The systemd haters are right about their complaints, but there's a ton that systemd does right, like making the interface expected of a daemon "Run forever and send output to stdin and stdout" rather than "Double fork and rotate your own logfiles" while also having support for the latter.
> The systemd haters are right about their complaints, but there's a
ton that systemd does right
Yes. A fair and balanced technical analysis of systemd would have to
concede it does a lot of good things, and well - if you subscribe to
its paradigm [1].
My beef was with the disruption and bonfire of social capital caused
by a heavy-handed, undemocratic, vocal group imposing upon others. It
was an ugly episode and seemed to go against all the values I believed
Debian stood for. And it came from all sides. The personal attacks on
Poettering were inexcusable.
[1] I don't. I believe it's a solution that trades away system
security and reliability to get userspace convenience.
Isn't that the "interface" which djb's daemontools, runit, and later s6 also promotes?

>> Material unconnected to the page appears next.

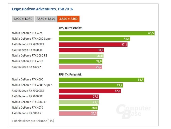 Тесты показывают, что в 4K при максимальных настройках качества графики даже GeForce RTX 4090 выдаёт лишь немногим более 60 к/с, а уже RTX 4080 обеспечивает только 49 к/с. Radeon RX 7900 XTX выступает на том же уровне — 47 к/с.

Anyway, that question was mostly rhetorical. You don't want to get into the midst of "yet another systemd flamewar" thread (and I don't blame you, neither do I).
Just pointing out that non-systemd alternatives provided the abovementioned interface, long before systemd existed.
It usually paints a better narrative to compare systemd vs sysvinit and ignore the fact that runit predates systemd by 6 years. It makes it substantially easier to dismiss detractors as Luddites scared of new things.
Imagine if Windows 8 came out and people rightly dunked on its many foibles and proponents said it was clearly superior to DOS and people really ought to just learn to love the charms bar and modern UI instead of sticking with their familiar command line interface.